When: The Scientific Secrets of Perfect Timing(30)



Study after study across an astonishing range of socioeconomic, demographic, and life circumstances has reached the same conclusion: Happiness climbs high early in adulthood but begins to slide downward in the late thirties and early forties, dipping to a low in the fifties.6 (Blanchflower and Oswald found that “subjective wellbeing among American males bottoms out at an estimated 52.9 years.”7) But we recover quickly from this slump, and wellbeing later in life often exceeds that of our younger years. Elliott Jaques was on the right track but aboard the wrong train. Something does indeed happen to us at midlife, but the actual evidence is far less dramatic than his original speculation.

But why? Why does this midpoint deflate us? One possibility is the disappointment of unrealized expectations. In our na?ve twenties and thirties, our hopes are high, our scenarios rosy. Then reality trickles in like a slow leak in the roof. Only one person gets to be CEO—and it’s not going to be you. Some marriages crumble—and yours, sadly, is one of them. That dream of owning a Premier League team becomes remote when you can barely cover your mortgage. Yet we don’t remain in the emotional basement for long, because over time we adjust our aspirations and later realize that life is pretty good. In short, we dip in the middle because we’re lousy forecasters. In youth, our expectations are too high. In older age, they’re too low.8

However, another explanation is also plausible. In 2012, five scientists asked zookeepers and animal researchers in three countries to help them better understand the more than 500 great apes under their collective care. These primates—chimpanzees and orangutans—ranged from infants to older adults. The researchers wanted to know how they were doing. So they asked the human personnel to rate the apes’ mood and wellbeing. (Don’t laugh. The researchers explain that the questionnaire they used “is a well-established method for assessing positive affect in captive primates.”) Then they matched those happiness ratings to the ages of the great apes. The resulting chart is shown here.9



That raises an intriguing possibility: Could the midpoint slump be more biology than sociology, less a malleable reaction to circumstance than an immutable force of nature?

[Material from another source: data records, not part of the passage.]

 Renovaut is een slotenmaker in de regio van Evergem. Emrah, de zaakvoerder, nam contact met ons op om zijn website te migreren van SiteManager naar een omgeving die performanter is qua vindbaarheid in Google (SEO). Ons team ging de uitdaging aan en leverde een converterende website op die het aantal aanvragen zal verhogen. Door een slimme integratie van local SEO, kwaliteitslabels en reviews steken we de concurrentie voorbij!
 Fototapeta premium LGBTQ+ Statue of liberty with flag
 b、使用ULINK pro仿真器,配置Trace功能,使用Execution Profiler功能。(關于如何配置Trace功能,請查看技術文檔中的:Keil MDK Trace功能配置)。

LIGHTING CANDLES AND CUTTING CORNERS


Atraditional box of Hanukkah candles contains forty-four candles, a number determined with Talmudic precision. Hanukkah lasts eight consecutive nights, and Jews who celebrate the holiday mark their observance each evening by lighting candles positioned in a candleholder known as a menorah. On the first night, celebrants light one candle, two candles on the second night, and so on. Because observers light each candle with a helper candle, they end up using two candles on the first night, three on the second night, and eventually nine candles on the eighth night, yielding the following formula:

2 + 3 + 4 + 5 + 6 + 7 + 8 + 9 = 44

Forty-four candles means that when the holiday ends, the box will be empty. Yet, in Jewish households across the world, families routinely finish Hanukkah with candles left in the box.

What gives? How to solve this mystery of the lights?

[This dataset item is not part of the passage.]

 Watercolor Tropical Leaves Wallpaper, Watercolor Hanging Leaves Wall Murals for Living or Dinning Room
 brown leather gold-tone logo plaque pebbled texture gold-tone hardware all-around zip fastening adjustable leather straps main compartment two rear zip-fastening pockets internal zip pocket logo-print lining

Diane Mehta offers part of the answer. Mehta is a novelist and poet who lives in New York. Her mother is a Jew from Brooklyn, her father a Jain from India. She grew up in New Jersey, where she celebrated Hanukkah, eagerly lit the candles, and “got things like socks as gifts.” When she had a son, he, too, loved lighting the candles. But as time passed—job changes, a divorce, the usual ups and downs of life—her candle lighting became less regular. “I start off getting excited,” she told me. “But after a couple of days, I taper off.” She doesn’t light the candles when her son is staying with his dad rather than with her. But sometimes, toward the end of the holiday, she says, “I’ll notice that it’s still Hanukkah and will light the candles again. I’ll say to my son, ‘It’s the last night. We should do it.’”

Mehta often begins Hanukkah with zest and ends with resolve but slacks in the middle. She sometimes neglects lighting candles on nights three, four, five, and six—and thus ends the holiday with candles still in the box. And she’s not alone.

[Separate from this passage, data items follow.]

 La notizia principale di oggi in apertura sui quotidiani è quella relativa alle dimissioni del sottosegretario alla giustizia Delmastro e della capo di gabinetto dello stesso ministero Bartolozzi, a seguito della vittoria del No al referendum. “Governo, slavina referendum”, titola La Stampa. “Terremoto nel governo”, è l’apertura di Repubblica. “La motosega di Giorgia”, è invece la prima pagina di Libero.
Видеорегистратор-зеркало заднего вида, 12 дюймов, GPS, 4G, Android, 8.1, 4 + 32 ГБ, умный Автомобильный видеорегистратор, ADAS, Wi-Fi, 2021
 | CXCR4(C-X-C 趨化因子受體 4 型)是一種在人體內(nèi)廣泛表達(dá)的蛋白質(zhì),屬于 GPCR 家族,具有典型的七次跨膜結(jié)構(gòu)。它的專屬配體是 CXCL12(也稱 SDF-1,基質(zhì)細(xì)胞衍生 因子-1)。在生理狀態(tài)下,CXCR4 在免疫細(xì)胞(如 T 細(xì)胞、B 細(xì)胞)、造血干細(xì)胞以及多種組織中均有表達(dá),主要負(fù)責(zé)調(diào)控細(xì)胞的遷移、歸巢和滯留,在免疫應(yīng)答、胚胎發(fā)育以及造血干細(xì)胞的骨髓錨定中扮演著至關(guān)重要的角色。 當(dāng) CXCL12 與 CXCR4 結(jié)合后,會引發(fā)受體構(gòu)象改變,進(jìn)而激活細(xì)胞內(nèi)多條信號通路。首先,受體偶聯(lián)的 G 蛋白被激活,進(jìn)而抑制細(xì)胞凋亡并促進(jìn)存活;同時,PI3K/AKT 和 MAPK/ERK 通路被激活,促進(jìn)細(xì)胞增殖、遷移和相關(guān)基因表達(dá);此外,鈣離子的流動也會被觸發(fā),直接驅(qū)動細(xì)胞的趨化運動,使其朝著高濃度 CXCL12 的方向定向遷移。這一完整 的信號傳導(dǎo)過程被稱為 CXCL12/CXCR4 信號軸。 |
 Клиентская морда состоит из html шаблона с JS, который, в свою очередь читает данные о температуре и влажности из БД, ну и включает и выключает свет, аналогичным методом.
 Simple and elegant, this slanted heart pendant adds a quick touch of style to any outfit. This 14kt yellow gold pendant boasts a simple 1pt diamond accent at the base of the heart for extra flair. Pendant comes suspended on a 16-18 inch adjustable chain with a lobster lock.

Maferima Touré-Tillery and Ayelet Fishbach are two social scientists who study how people pursue goals and adhere to personal standards. A few years ago, they were searching for a real-world domain in which to explore these two ideas when they realized that Hanukkah represented an ideal field study. They tracked the behavior of more than two hundred Jewish participants who observed the holiday, measuring whether—and, crucially, when—they lit the candles. After eight nights of collecting data, here’s what they found:

On the first night, 76 percent of the participants lit the candles.

On the second night, the percentage dropped to 55.

On the ensuing nights, fewer than half the participants lit the candles—with the number climbing above 50 percent again only on night eight.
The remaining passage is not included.